> The data:
------------------------------------------------------------------------
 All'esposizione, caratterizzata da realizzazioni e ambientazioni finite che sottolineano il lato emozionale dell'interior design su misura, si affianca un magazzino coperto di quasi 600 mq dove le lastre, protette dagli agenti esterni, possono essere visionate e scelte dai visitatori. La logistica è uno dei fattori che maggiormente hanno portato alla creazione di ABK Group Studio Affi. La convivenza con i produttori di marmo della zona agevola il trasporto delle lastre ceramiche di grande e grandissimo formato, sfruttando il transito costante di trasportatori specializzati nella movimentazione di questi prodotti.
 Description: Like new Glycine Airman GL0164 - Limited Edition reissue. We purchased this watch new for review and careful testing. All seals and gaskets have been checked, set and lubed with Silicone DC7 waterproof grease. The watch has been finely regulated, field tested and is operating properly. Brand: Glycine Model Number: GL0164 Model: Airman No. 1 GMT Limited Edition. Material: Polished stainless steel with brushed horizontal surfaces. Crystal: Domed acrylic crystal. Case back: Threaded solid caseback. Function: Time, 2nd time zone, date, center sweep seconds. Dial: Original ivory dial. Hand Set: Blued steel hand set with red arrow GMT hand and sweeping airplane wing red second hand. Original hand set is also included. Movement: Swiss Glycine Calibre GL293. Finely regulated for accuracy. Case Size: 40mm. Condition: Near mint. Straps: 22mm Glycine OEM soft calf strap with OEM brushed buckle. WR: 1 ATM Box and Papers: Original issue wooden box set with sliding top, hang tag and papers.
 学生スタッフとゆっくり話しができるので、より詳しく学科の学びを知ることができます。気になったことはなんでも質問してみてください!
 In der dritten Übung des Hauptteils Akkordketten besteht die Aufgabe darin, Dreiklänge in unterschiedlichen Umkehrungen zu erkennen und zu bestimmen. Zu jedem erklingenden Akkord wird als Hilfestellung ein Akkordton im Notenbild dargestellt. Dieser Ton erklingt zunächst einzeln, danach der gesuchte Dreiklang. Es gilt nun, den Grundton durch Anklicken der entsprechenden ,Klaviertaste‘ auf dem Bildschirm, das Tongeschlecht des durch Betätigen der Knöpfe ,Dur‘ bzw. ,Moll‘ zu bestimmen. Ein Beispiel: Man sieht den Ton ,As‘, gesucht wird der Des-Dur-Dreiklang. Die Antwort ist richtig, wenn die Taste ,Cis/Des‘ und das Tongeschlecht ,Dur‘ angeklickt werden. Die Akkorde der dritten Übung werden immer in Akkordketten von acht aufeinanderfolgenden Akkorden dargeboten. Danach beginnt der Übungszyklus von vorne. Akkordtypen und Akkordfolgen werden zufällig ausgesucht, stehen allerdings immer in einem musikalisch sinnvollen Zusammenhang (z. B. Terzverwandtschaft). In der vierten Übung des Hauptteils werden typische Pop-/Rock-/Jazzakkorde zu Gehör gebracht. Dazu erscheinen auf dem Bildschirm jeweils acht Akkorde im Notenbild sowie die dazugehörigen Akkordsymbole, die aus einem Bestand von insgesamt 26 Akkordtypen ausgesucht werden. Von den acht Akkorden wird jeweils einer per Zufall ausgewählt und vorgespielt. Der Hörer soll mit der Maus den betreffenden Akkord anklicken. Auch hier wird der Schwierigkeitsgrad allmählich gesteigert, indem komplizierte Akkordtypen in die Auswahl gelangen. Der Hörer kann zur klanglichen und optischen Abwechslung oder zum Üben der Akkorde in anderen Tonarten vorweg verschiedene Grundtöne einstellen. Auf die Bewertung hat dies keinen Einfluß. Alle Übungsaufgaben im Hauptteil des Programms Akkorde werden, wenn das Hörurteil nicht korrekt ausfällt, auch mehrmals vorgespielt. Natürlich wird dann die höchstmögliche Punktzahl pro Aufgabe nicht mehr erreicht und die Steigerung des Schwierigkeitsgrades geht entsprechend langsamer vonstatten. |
------------------------------------------------------------------------
> Task requirements:
Output the entire listing precisely as it stands.

> Completed exercise:
 All'esposizione, caratterizzata da realizzazioni e ambientazioni finite che sottolineano il lato emozionale dell'interior design su misura, si affianca un magazzino coperto di quasi 600 mq dove le lastre, protette dagli agenti esterni, possono essere visionate e scelte dai visitatori. La logistica è uno dei fattori che maggiormente hanno portato alla creazione di ABK Group Studio Affi. La convivenza con i produttori di marmo della zona agevola il trasporto delle lastre ceramiche di grande e grandissimo formato, sfruttando il transito costante di trasportatori specializzati nella movimentazione di questi prodotti.
 Description: Like new Glycine Airman GL0164 - Limited Edition reissue. We purchased this watch new for review and careful testing. All seals and gaskets have been checked, set and lubed with Silicone DC7 waterproof grease. The watch has been finely regulated, field tested and is operating properly. Brand: Glycine Model Number: GL0164 Model: Airman No. 1 GMT Limited Edition. Material: Polished stainless steel with brushed horizontal surfaces. Crystal: Domed acrylic crystal. Case back: Threaded solid caseback. Function: Time, 2nd time zone, date, center sweep seconds. Dial: Original ivory dial. Hand Set: Blued steel hand set with red arrow GMT hand and sweeping airplane wing red second hand. Original hand set is also included. Movement: Swiss Glycine Calibre GL293. Finely regulated for accuracy. Case Size: 40mm. Condition: Near mint. Straps: 22mm Glycine OEM soft calf strap with OEM brushed buckle. WR: 1 ATM Box and Papers: Original issue wooden box set with sliding top, hang tag and papers.
 学生スタッフとゆっくり話しができるので、より詳しく学科の学びを知ることができます。気になったことはなんでも質問してみてください!
 In der dritten Übung des Hauptteils Akkordketten besteht die Aufgabe darin, Dreiklänge in unterschiedlichen Umkehrungen zu erkennen und zu bestimmen. Zu jedem erklingenden Akkord wird als Hilfestellung ein Akkordton im Notenbild dargestellt. Dieser Ton erklingt zunächst einzeln, danach der gesuchte Dreiklang. Es gilt nun, den Grundton durch Anklicken der entsprechenden ,Klaviertaste‘ auf dem Bildschirm, das Tongeschlecht des durch Betätigen der Knöpfe ,Dur‘ bzw. ,Moll‘ zu bestimmen. Ein Beispiel: Man sieht den Ton ,As‘, gesucht wird der Des-Dur-Dreiklang. Die Antwort ist richtig, wenn die Taste ,Cis/Des‘ und das Tongeschlecht ,Dur‘ angeklickt werden. Die Akkorde der dritten Übung werden immer in Akkordketten von acht aufeinanderfolgenden Akkorden dargeboten. Danach beginnt der Übungszyklus von vorne. Akkordtypen und Akkordfolgen werden zufällig ausgesucht, stehen allerdings immer in einem musikalisch sinnvollen Zusammenhang (z. B. Terzverwandtschaft). In der vierten Übung des Hauptteils werden typische Pop-/Rock-/Jazzakkorde zu Gehör gebracht. Dazu erscheinen auf dem Bildschirm jeweils acht Akkorde im Notenbild sowie die dazugehörigen Akkordsymbole, die aus einem Bestand von insgesamt 26 Akkordtypen ausgesucht werden. Von den acht Akkorden wird jeweils einer per Zufall ausgewählt und vorgespielt. Der Hörer soll mit der Maus den betreffenden Akkord anklicken. Auch hier wird der Schwierigkeitsgrad allmählich gesteigert, indem komplizierte Akkordtypen in die Auswahl gelangen. Der Hörer kann zur klanglichen und optischen Abwechslung oder zum Üben der Akkorde in anderen Tonarten vorweg verschiedene Grundtöne einstellen. Auf die Bewertung hat dies keinen Einfluß. Alle Übungsaufgaben im Hauptteil des Programms Akkorde werden, wenn das Hörurteil nicht korrekt ausfällt, auch mehrmals vorgespielt. Natürlich wird dann die höchstmögliche Punktzahl pro Aufgabe nicht mehr erreicht und die Steigerung des Schwierigkeitsgrades geht entsprechend langsamer vonstatten. |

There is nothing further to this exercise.